Entries supplied:

——

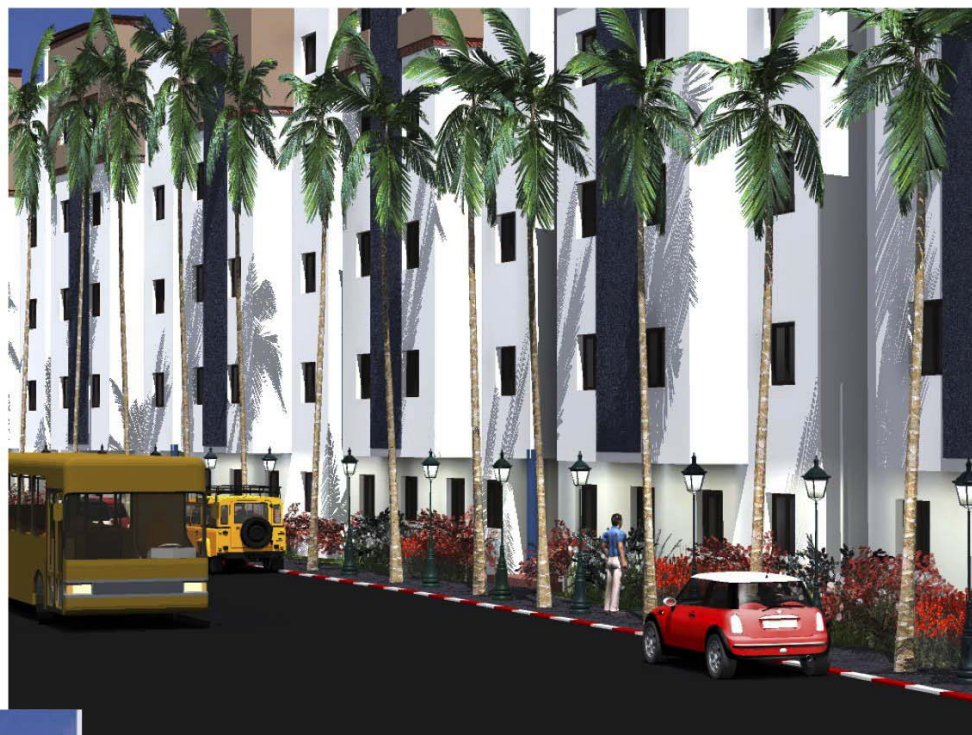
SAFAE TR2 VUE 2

——

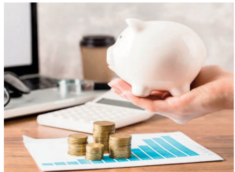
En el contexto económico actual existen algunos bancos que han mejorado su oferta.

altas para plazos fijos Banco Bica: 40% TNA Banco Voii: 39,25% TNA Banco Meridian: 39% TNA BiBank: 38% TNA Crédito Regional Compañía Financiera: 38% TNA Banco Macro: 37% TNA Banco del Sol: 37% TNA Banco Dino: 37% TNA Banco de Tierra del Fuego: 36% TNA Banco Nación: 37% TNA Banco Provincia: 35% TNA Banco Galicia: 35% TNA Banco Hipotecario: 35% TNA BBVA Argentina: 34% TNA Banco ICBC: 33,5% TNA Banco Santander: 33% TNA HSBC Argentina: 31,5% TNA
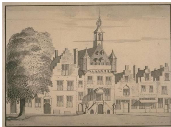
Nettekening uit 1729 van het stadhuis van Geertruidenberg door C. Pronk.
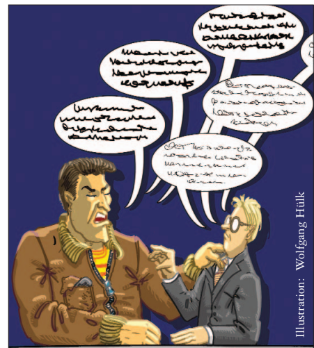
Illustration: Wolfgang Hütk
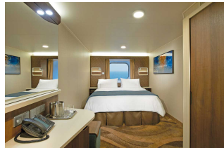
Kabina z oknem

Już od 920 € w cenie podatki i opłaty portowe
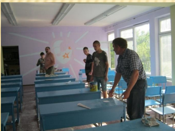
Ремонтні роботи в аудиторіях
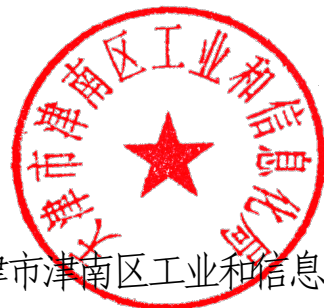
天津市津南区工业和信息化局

——

What to do: Working from the entries above, please transcribe only the lines from the line with "Nettekening uit 1729" through the line with "天津市津南区工业和信息化局", exactly, with both end lines and without pictures.

Response box:
Nettekening uit 1729 van het stadhuis van Geertruidenberg door C. Pronk.
Illustration: Wolfgang Hütk
Kabina z oknem

Już od 920 € w cenie podatki i opłaty portowe
Ремонтні роботи в аудиторіях
天津市津南区工业和信息化局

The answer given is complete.